The trial has confirmed what we believed at the outset: that traditional, observation-based approaches to ergonomic risk assessment are not sufficient for the demands of modern freight operations. The sector needs tools that are objective, continuous, scalable and designed for operational realities rather than ideal conditions. MOVA has demonstrated, across warehouse, port and distribution environments, that it can be that tool.
Equally important is what the trial has shown about the appetite for change within the sector. Each of our partner organisations engaged seriously with the MOVA data — not as a compliance exercise, but as a genuine contribution to how they think about workforce health, operational efficiency and long-term resilience. That engagement is an encouraging signal for what comes next.
What Comes Next
The trial was a validation exercise. What follows is deployment. We are currently engaged in follow-on conversations with our trial partners about embedding MOVA into their ongoing safety and occupational health workflows — moving from programme-based pilots to routine operational use.

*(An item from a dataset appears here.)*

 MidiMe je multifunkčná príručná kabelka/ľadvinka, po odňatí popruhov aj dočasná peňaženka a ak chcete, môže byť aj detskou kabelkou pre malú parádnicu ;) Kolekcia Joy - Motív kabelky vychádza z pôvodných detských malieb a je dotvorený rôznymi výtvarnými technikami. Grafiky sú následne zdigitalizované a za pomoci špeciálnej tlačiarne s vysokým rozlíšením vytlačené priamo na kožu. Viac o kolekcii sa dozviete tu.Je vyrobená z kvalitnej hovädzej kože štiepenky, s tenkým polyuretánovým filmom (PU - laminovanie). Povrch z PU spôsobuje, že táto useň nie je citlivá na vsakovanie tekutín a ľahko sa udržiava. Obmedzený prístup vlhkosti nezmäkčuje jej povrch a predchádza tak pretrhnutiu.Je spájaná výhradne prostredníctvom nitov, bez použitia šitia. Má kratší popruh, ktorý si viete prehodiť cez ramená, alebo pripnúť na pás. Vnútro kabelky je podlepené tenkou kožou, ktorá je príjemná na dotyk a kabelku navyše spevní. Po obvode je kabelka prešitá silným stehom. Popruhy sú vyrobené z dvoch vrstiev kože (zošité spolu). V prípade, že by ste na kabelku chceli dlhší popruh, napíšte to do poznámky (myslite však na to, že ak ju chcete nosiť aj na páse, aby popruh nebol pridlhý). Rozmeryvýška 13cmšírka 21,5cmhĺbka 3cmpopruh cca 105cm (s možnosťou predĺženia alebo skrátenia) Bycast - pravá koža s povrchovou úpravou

In parallel, the experience of the trial is informing the next phase of product development. This includes:
Enhancing the wearable system's durability and usability for rugged, weather-exposed operational environments
Consolidating AI-generated risk assessments and mitigation guidance within a more streamlined reporting interface
Strengthening the enterprise dashboard to support multi-site monitoring, team-level analytics and large-scale deployment
Detailed case studies for each of the three partner trials — Port of Tyne, Portsmouth International Port and DHL — will be published in the coming months. These will provide a fuller account of the deployment methodology, findings and operational implications at each site.
Beyond the immediate partner network, our longer-term ambition is to drive enterprise-level adoption across the freight, ports and logistics sector, and to extend into adjacent industries where physical risk profiles are similarly demanding. We are also actively exploring partnerships with insurers, occupational health providers and health and safety consultancies — organisations that are well-placed to accelerate the adoption of data-driven approaches to MSD prevention and to integrate MOVA into the broader health and safety ecosystem.

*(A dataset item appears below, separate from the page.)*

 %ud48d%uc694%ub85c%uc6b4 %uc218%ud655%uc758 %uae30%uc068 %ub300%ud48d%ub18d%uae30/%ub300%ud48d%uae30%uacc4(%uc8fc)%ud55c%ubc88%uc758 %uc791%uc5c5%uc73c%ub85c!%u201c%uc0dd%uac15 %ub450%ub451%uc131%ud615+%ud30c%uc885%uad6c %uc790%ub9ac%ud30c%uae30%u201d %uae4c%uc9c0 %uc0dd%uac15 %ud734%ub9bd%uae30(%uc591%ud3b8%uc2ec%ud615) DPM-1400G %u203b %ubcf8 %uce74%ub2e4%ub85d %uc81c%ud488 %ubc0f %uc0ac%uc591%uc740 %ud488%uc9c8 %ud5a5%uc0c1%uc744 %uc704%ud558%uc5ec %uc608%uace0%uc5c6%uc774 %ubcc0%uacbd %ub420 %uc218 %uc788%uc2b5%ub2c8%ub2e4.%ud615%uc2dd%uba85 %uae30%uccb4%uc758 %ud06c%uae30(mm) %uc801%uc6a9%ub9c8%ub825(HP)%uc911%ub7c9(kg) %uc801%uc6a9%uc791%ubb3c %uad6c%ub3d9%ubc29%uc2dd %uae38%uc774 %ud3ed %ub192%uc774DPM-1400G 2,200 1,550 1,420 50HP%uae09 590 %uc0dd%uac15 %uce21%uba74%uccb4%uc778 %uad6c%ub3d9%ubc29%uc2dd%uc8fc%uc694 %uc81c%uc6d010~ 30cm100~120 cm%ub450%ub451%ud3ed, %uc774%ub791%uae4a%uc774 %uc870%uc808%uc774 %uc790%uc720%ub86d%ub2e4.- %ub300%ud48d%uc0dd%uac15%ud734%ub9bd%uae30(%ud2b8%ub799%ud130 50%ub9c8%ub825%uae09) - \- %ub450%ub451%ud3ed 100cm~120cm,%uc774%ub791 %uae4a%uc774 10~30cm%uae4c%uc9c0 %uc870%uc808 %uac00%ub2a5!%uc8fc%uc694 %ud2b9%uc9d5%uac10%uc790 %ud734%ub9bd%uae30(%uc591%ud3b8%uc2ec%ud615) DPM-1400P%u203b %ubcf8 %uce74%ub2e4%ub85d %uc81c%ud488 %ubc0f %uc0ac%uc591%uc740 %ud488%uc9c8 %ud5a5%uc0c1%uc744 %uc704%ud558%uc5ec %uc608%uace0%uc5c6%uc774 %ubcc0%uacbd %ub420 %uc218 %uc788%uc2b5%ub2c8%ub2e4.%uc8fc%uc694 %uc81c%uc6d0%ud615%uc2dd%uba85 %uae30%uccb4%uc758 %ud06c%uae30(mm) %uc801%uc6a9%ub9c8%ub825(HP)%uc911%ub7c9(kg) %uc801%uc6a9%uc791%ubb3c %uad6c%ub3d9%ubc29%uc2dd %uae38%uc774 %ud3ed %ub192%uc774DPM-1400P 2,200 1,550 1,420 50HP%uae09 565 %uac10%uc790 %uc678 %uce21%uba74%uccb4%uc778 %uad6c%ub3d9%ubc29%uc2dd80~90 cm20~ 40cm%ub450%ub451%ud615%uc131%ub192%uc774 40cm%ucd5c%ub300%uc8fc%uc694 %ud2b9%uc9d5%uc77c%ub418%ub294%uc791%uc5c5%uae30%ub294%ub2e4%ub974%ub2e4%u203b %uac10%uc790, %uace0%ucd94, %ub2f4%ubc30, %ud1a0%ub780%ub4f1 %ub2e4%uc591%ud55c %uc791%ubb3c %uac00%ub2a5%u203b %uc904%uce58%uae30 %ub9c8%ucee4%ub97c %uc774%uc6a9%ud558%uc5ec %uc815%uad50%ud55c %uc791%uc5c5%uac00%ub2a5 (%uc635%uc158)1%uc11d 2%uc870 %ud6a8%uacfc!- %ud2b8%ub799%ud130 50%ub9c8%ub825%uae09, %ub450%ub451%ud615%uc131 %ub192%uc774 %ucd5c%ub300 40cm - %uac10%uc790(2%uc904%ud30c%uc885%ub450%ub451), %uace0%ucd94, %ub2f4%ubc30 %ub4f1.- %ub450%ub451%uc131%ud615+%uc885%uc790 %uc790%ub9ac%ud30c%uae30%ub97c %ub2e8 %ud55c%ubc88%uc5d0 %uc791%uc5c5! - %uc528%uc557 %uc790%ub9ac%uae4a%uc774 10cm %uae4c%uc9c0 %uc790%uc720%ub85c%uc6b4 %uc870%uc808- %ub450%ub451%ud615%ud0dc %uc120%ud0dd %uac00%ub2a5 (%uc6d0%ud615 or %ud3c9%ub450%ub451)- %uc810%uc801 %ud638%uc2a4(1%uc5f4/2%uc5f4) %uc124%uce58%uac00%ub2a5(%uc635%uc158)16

SpatialCortex's MOVA platform was validated across three UK freight and port environments — Port of Tyne, Portsmouth International Port, and DHL — as part of the Connected Places Catapult Freight Innovation Fund Accelerator, a £7 million programme funded by the UK Department for Transport. Across 29 workers and eight distinct job roles, MOVA MMH and MOVA SEAT achieved over 95% data uptime, generating more than 30 automated ergonomic risk assessments aligned with HSE frameworks. The trial demonstrated that continuous wearable sensor monitoring can replace traditional observation-based manual handling assessments in operationally demanding environments including warehouse handling, quayside mooring, container yard machinery, and freight gate operations — reducing musculoskeletal disorder (MSD) risk through real-time posture feedback, AI-generated mitigation recommendations, and data-driven intervention planning.